Hello,
after some debugging. I think I know what is going on. Just as a reminder:
I have a Lucene index A that indexes nt:file and some general properties
and another Lucene index B that indexes a type X that inherits nt:file and
indexes a property Y.

So, for a query like the following with a limit of 20
SELECT [jcr:uuid]  FROM [X]  WHERE  [Y] = 'ADJ0158on1ljc'
Oak chooses the general index A over the more specific index B. And,
according to the log, both have the "same" cost.

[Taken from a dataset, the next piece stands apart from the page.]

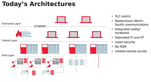 대부분의 산업 자동화 시스템은 중요한 부분에서 PLC(프로그래머블 로직 컨트롤러)로 구동하는 중앙집중식 제어 전략을 채택한다. PLC 중심의 솔루션들의 원격 액세스는 제한적이며, M2M(Machine to Machine) 커뮤니케이션에 보안을 제공하지 못할 뿐 아니라 안전 제어도 통합하지 못한다. 마스터-슬레이브 시스템에서의 자율 기기들은 센서와 액츄에이터로 작동되는 모든 입/출력 값들이 PLC와 직접 혹은 능동/수동 소자들을 통해 연결되어야 하므로 서로 상호 존재하지 못한다. (표 1 참조)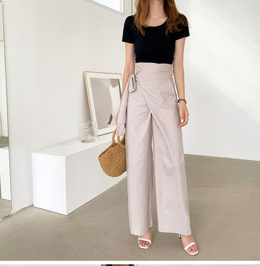 High Rise Plain Tie-Up Wide Leg Pants

1.The plan for index A has costPerExecution 1, costPerEntry 1 and
estimatedEntryCount 623349. The plan for B has costPerExecution 1,
costPerEntry 1 and estimatedEntryCount 124670. To me it would indicate that
B has less cost. But, in private method getBestSelectorExecutionPlan from
class org.apache.jackrabbit.oak.query.QueryImpl (oak-core) it enters in the
following block (maxEntryCount has a value of 20, the limit I set to the
query)
if (sortOrder == null || p.getSortOrder() != null) {
    // if the query is unordered, or
    // if the query contains "order by" and the index can sort on that,
    // then we don't need to read all entries from the index
    entryCount = Math.min(maxEntryCount, entryCount);
}

The entry count for both plans is leveled to 20. I don't think that is ok.
Both indexes now have the "same" cost (double c = costPerExecution +
entryCount * costPerEntry) and since index A comes first on the list of
plans, it gets chosen as the best. The chosen plan is

[X] as [X] /* lucene:A(/oak:index/A) jcr:primaryType:X where [X].[Y] =
'ADJ0158on1ljc' */

An instance of FulltextPathCursor is created and here is where the "The
query read or traversed more than 100000 nodes" exception is thrown.

2. When I use EXPLAIN MEASURE in the query, the cost calculation is made
with the estimatedEntryCount of each plan. That's why index B is chosen
correctly here and gives the idea that B will be used.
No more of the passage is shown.